Word for word, the data below must be repeated in full; no picture is to be included.
------
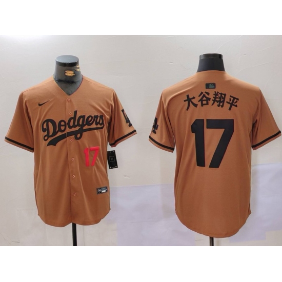 Men's Los Angeles Dodgers #17 太谷翔平 Brown Cool Base Stitched Baseball Jersey
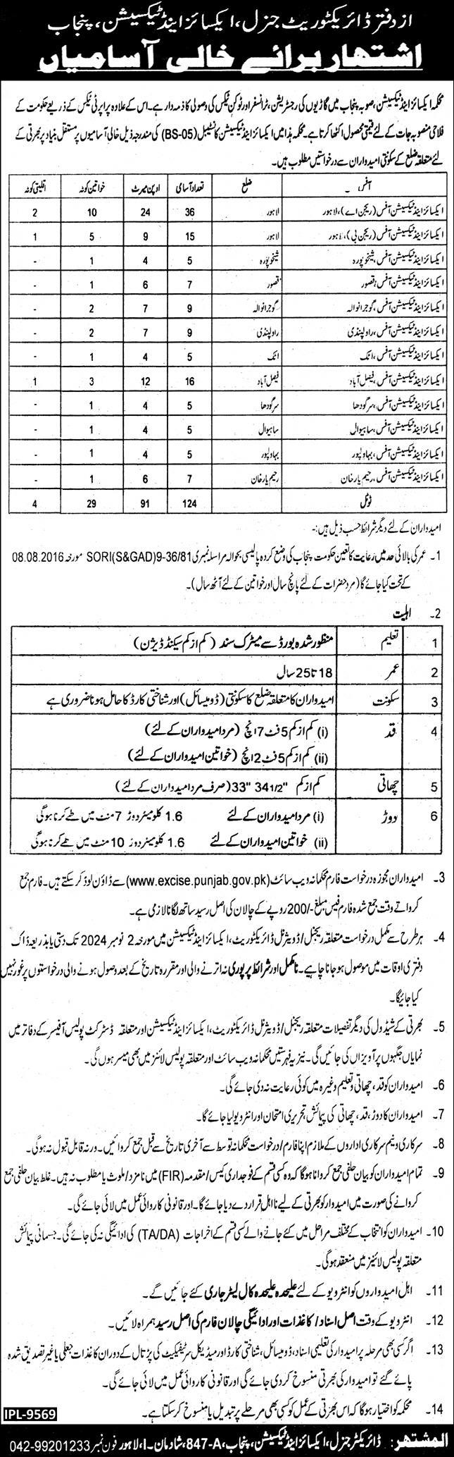 Excise & Taxation Department Punjab (Constable Jobs BS-05) Latest 2024
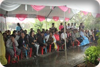 “วันนี้…ต้องขอโทษพี่น้องทุกคน ข้าพเจ้ามาถึงช้า เพราะว่าไข้สูงมาก ลุกไม่ขึ้น ปวดไปหมดทั้งตัว ทั้งฉีดยาแล้ว ทั้งกินยาแล้ว กว่าจะค่อยยังชั่วสัก 6 โมงเย็น ก็เลยตัดสินใจว่าตั้งใจจะมาแล้ว ก็ขอให้ได้มาพบพี่น้องชาวสุราษฎร์ธานีเพื่อมาให้กำลังใจทุกท่าน และสัญญาว่าต่อไป ทางข้าพเจ้าเองและสถาบันวิจัยจุฬาภรณ์ โรงพยาบาลจุฬาภรณ์ ก็จะทำการช่วยเหลือให้รวดเร็วขึ้น…”
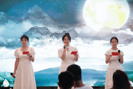 诗会在《诗词里的中国》的深情朗诵中拉开帷幕,朗诵者深情并茂,迅速将观众带入古典诗词的优美意境。整场演出共呈现十二个精彩节目,涵盖经典诗词朗诵、二胡独奏、古典舞蹈等艺术形式。音乐舞蹈学院唐博老师、教育学院张梅老师与罗斯琪老师、文学院的王文静老师与贺禧老师以及来自各学院学生代表及青莲文学社成员联袂登台。悠扬的乐曲、动人的朗诵与灵动的舞姿交织相融,会场气氛温馨而热烈,互动环节更是点燃了全场的参与热情,师生们在沉浸式的文化体验中,共同感受中秋的诗意与团圆之情。
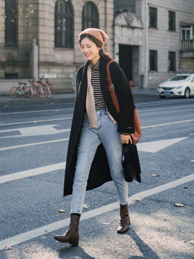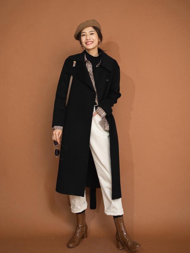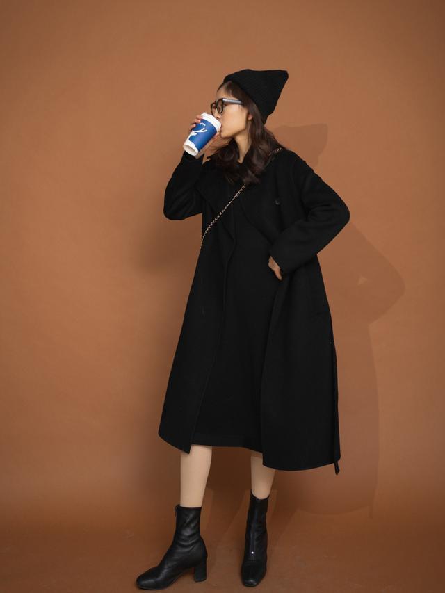 在这种穿搭中,我们需要注意两点。第一,内搭的颜色最好与大衣的颜色相同,以便于相互呼应,增强造型的协调感。也就是说,最好是用黑色打底衫来搭配黑色大衣。
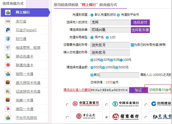 2:根据个人充值金额填入相应的优惠码,例如充值100,则填入优惠码1
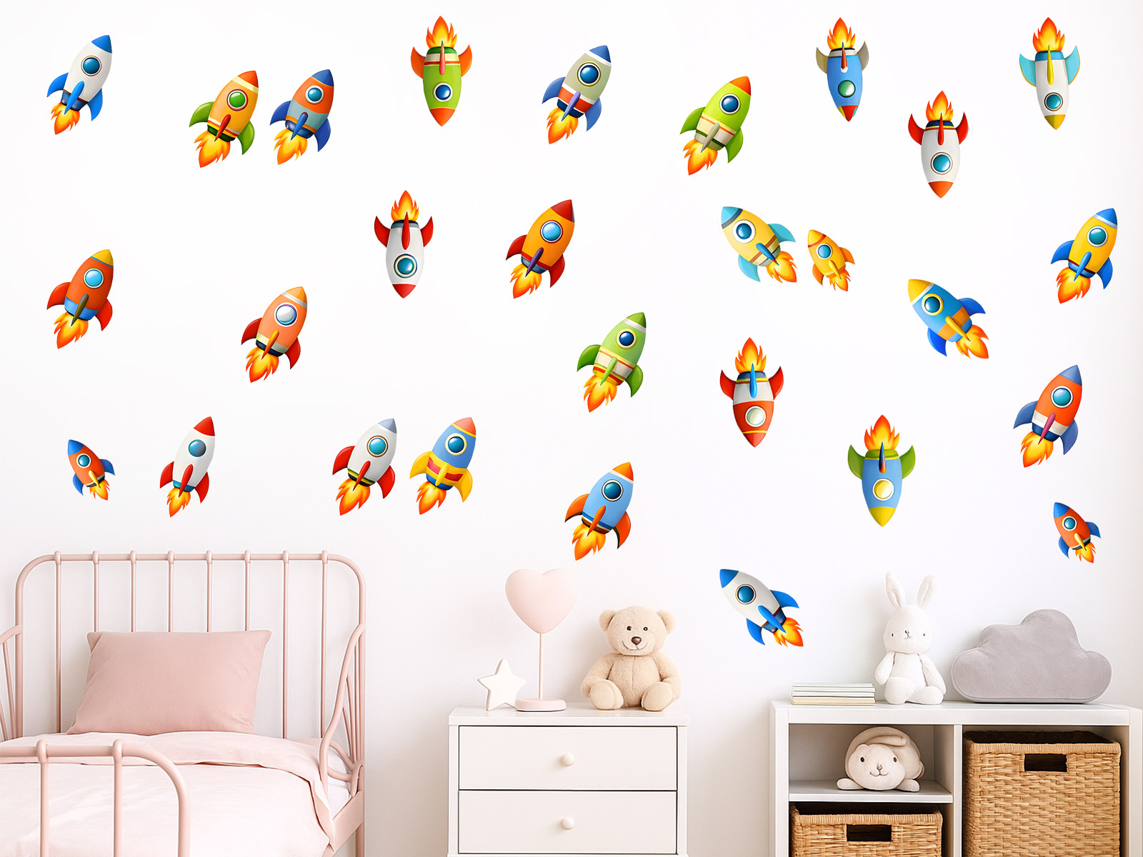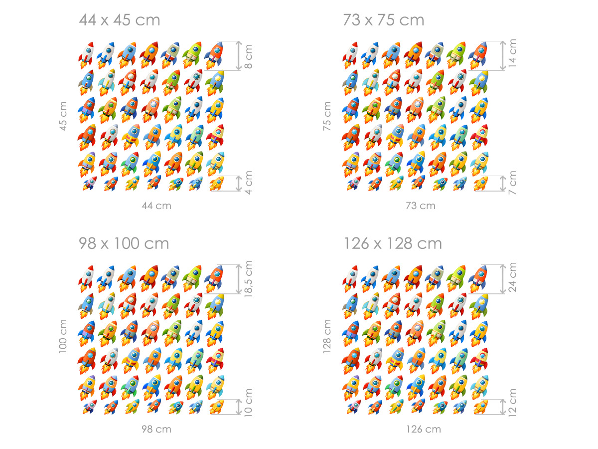 Samolepka na stenu „Sada 50 raketiek“ premení detský izba v hravý vesmír plný pohybu, farieb a nekonečných dobrodružstiev. Kolekcia obsahuje päťdesiatok rôznych rakiet v pestrých farebných kombináciách a odlišných tvaroch, ktoré; pôsobí dynamicky a hravo a umožňují vytvori originální kompozíciu presne podľa detské fantázie. Díky velkému množstvuí samostatných motívov je mo|né raketky rozpresít po celé steny, vytvoriť letovú formáciu, vesmírný prevádzka alebo len jemný dekoratívneí rozptyl nad posteľí či herním kútikom. Veselé ilustrácie podporují detskú predstavivos•, zájem o vesmír a prirodzene vyberí k hre aj vyprávení vlastních príbehov, díky, èo sa nálepka stane výrazním a zábavným prvkom každého detského interiéru.
------
● Your response
 Men's Los Angeles Dodgers #17 太谷翔平 Brown Cool Base Stitched Baseball Jersey
 Excise & Taxation Department Punjab (Constable Jobs BS-05) Latest 2024
 “วันนี้…ต้องขอโทษพี่น้องทุกคน ข้าพเจ้ามาถึงช้า เพราะว่าไข้สูงมาก ลุกไม่ขึ้น ปวดไปหมดทั้งตัว ทั้งฉีดยาแล้ว ทั้งกินยาแล้ว กว่าจะค่อยยังชั่วสัก 6 โมงเย็น ก็เลยตัดสินใจว่าตั้งใจจะมาแล้ว ก็ขอให้ได้มาพบพี่น้องชาวสุราษฎร์ธานีเพื่อมาให้กำลังใจทุกท่าน และสัญญาว่าต่อไป ทางข้าพเจ้าเองและสถาบันวิจัยจุฬาภรณ์ โรงพยาบาลจุฬาภรณ์ ก็จะทำการช่วยเหลือให้รวดเร็วขึ้น…”
 诗会在《诗词里的中国》的深情朗诵中拉开帷幕,朗诵者深情并茂,迅速将观众带入古典诗词的优美意境。整场演出共呈现十二个精彩节目,涵盖经典诗词朗诵、二胡独奏、古典舞蹈等艺术形式。音乐舞蹈学院唐博老师、教育学院张梅老师与罗斯琪老师、文学院的王文静老师与贺禧老师以及来自各学院学生代表及青莲文学社成员联袂登台。悠扬的乐曲、动人的朗诵与灵动的舞姿交织相融,会场气氛温馨而热烈,互动环节更是点燃了全场的参与热情,师生们在沉浸式的文化体验中,共同感受中秋的诗意与团圆之情。
 在这种穿搭中,我们需要注意两点。第一,内搭的颜色最好与大衣的颜色相同,以便于相互呼应,增强造型的协调感。也就是说,最好是用黑色打底衫来搭配黑色大衣。
 2:根据个人充值金额填入相应的优惠码,例如充值100,则填入优惠码1
 Samolepka na stenu „Sada 50 raketiek“ premení detský izba v hravý vesmír plný pohybu, farieb a nekonečných dobrodružstiev. Kolekcia obsahuje päťdesiatok rôznych rakiet v pestrých farebných kombináciách a odlišných tvaroch, ktoré; pôsobí dynamicky a hravo a umožňují vytvori originální kompozíciu presne podľa detské fantázie. Díky velkému množstvuí samostatných motívov je mo|né raketky rozpresít po celé steny, vytvoriť letovú formáciu, vesmírný prevádzka alebo len jemný dekoratívneí rozptyl nad posteľí či herním kútikom. Veselé ilustrácie podporují detskú predstavivos•, zájem o vesmír a prirodzene vyberí k hre aj vyprávení vlastních príbehov, díky, èo sa nálepka stane výrazním a zábavným prvkom každého detského interiéru.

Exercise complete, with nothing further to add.